When I sat down to write yesterday I wanted to tell about a Yiddish celebration at Beit Leyvick in the morning about Yacob Papiernikov. one of the poems, zol zein, was sung by one of the participants and i remembered how chava alberstein recorded it so beautifully
I had to leave as it was ending in order to get to Antishefa. Beit Leyvick is populated mostly by older people, and because of the subject, there were a lot of older people there too. It was about Yisrael Segal, who had been an important writer, editor, television personality, but died 11 years ago. Old friends came to talk about him and the wonderful contemporary music and songs of antishefa came in between. And then suddenly Estie Nissim got up and sang "Di Goldene Pave" - a lullaby by Anna Margolin - and i melted. Hava Alberstein sings that one too,
but from what i know now of Margolin and her longing for her son, the old folk story of the Golden Peacock and its significance for the Yiddish culture is only part of this song.
in the middle of a lovely little gathering of friends i turn on my phone to call a taxi for a guest from the US and see that soldiers were seriously wounded by a bomb on the Gaza border. Then another notice that we're bombing Gaza. So much for a social evening.

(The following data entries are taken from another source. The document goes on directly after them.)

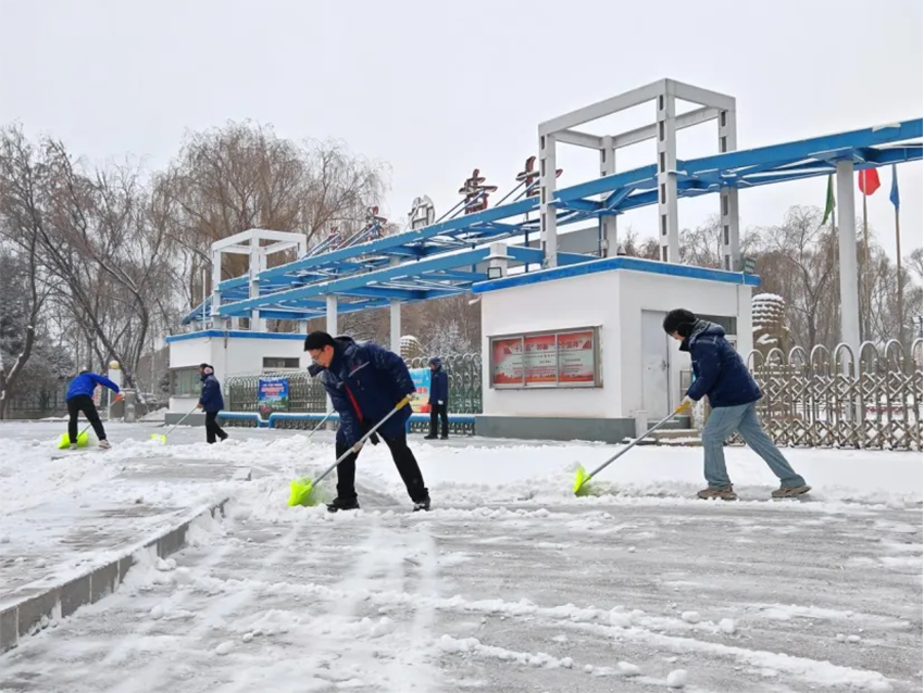 公司领导班子成员以身作则,拿起铁锹、扫帚,带领分管部门员工奔赴分担区域。各党支部书记、部门负责人冲锋在前,党员、团员青年踊跃参与,大家不畏严寒、分工协作,全力清理主干道、仓库通道、办公楼前、食堂周边及停车场等重点区域积雪。扫雪现场气氛热烈,叮叮当当的铲雪声与欢声笑语交织。有的用力铲除压实冰层,有的仔细清扫残余碎雪,有的负责转运积雪。老员工经验丰富,负责指导安全除冰;年轻员工体力充沛,主动承担重活。大家默契配合,在寒冷天气中干得满头大汗,厂区各主干道和关键连接通道迅速恢复畅通,为物流车辆通行和员工安全行走创造了条件。
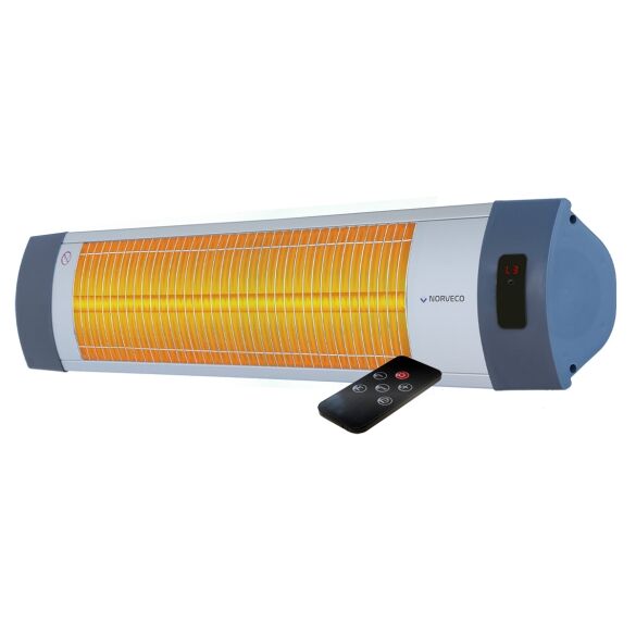 NORVECO, STAR Calentador de Patio portátil o de pared 1800W con soporte, mando a distancia, IP44
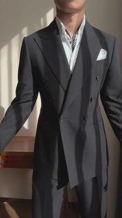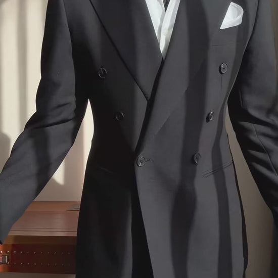 Elevate your formalwear with this sleek black peak lapel suit. The double-breasted design brings bold sophistication to any upscale event.

Have I told you that yesterday at a demonstration in Habima I was overwhelmed by a sign that said "Tsedek, tsedek tirdof" - It's from chapter 16 in Judges. "Justice, Justice shalt thou pursue."
February 20, 2018
The wires got burned out during an electricity outage. here's what i wrote:
So Sunday morning I finally settled down for a day of work on the internet and within minutes the electricity went. When it returned an hour later the internet was gone. Before he called the internet service Ezi worked on restarting the router, the computer, the electricity, everything. Then he called the service and spent another hour working with them on the phone. Today they sent a service man who discovered within minutes that there wasn’t anything wrong with our computer, but the internet connection, and he made an appointment for someone to come tomorrow. So even though I’m breaking my rules for this journal I’m writing this offline and will put it up hopefully tomorrow.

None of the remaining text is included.